Beef and Bean Burritos
Cook a pound of ground beef. As the meat is cooking, add half a cup of chopped onion and a minced garlic clove. Stir the meat often to break it up, then when it’s well cooked, drain it, and add to it two teaspoons of chili powder, one teaspoon of oregano, half a teaspoon of cumin, half a teaspoon of salt, and half a teaspoon of brown pepper. Mix it all together and you have the beef part of the recipe. Just fill a large tortilla with this meat, some lettuce, and whatever beans you like – I prefer black beans or pinto beans or even refried beans.
Sixteen Bean Soup
Just follow the cooking directions above with your favorite multi-bean mix, except add half a pound of leftover meat to the soup as it’s cooking. I like to add cubed ham myself, but you can add other meats. Also, add a small minced onion to the soup, too, just as it begins to boil, and also add salt and pepper to taste.

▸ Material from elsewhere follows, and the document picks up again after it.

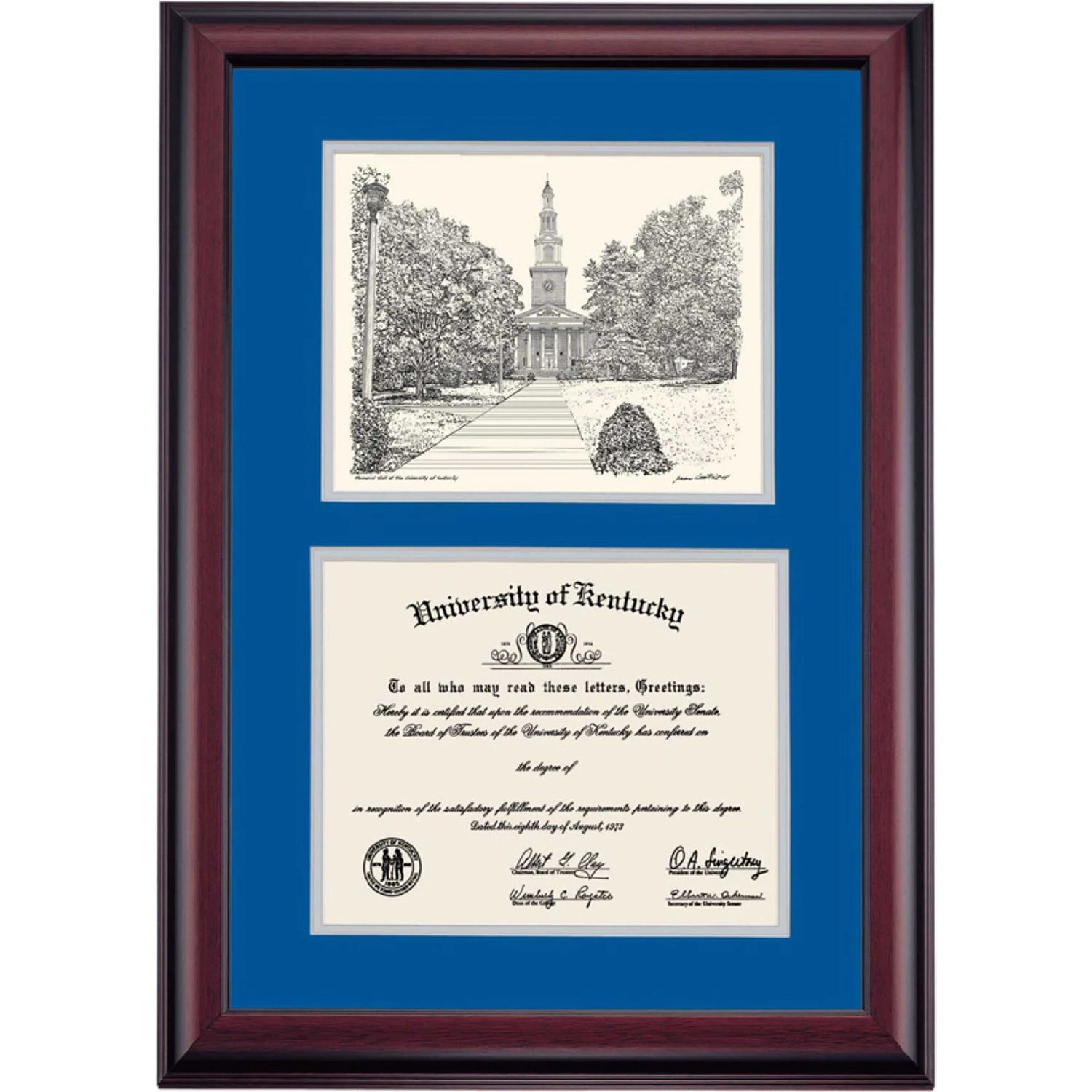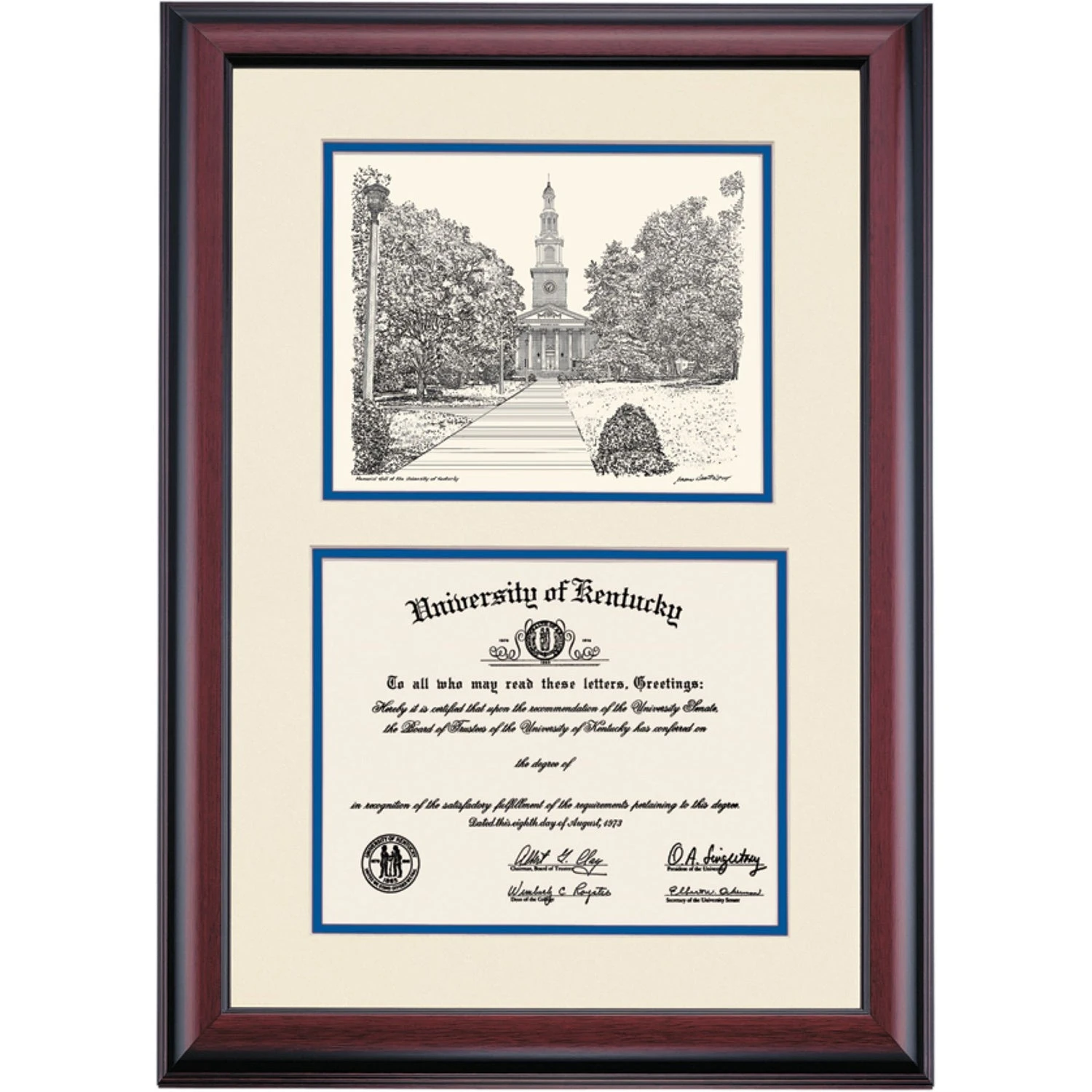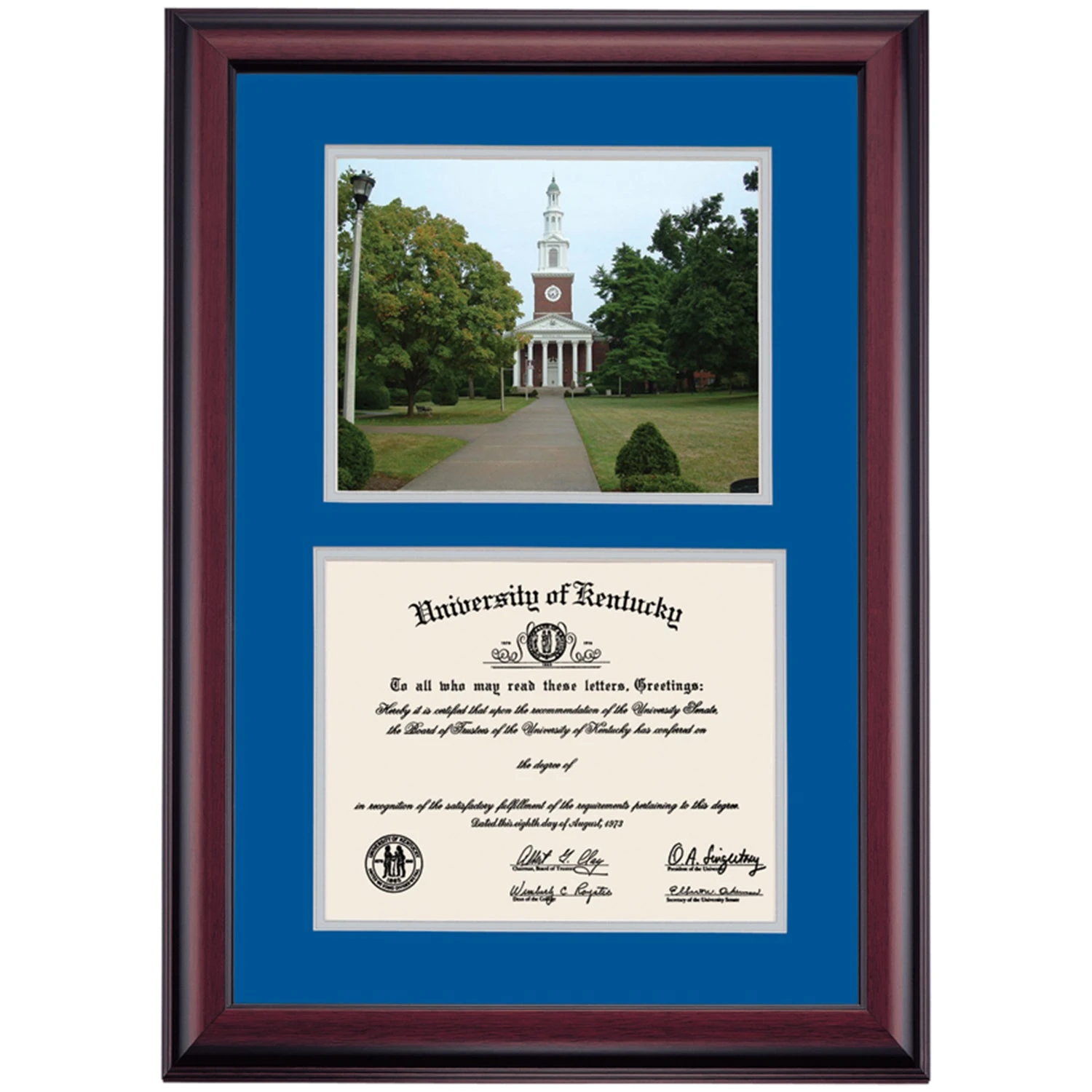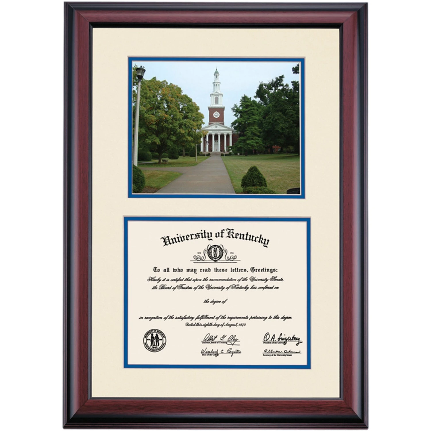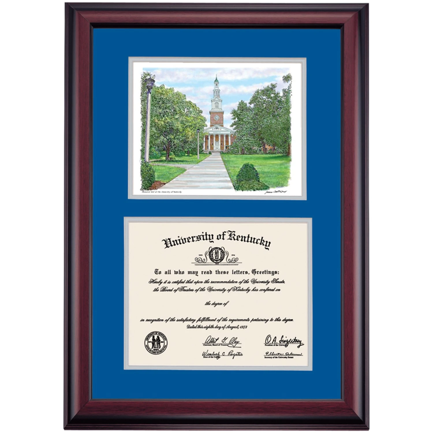 Celebrate your graduation in style with this handcrafted premier diploma frame which includes a Professional Print of Memorial Hall. Custom crafted to fit your University of Kentucky diploma, this frame features accent matting and high quality hardwood moulding.

Bean, Ham, and Tomato Casserole
Basically, take the soup you made with the sixteen bean soup recipe and drain off all but a cup of the liquid. Mix into the soup two diced tomatoes, put a bit more pepper on top, and (optionally) put a thin layer of finely ground Cheddar cheese on top (the cheese is highly optional). Bake it at 350 F (160 C) for about ten minutes and it turns out surprisingly well and often very distinct in flavor from the sixteen bean soup.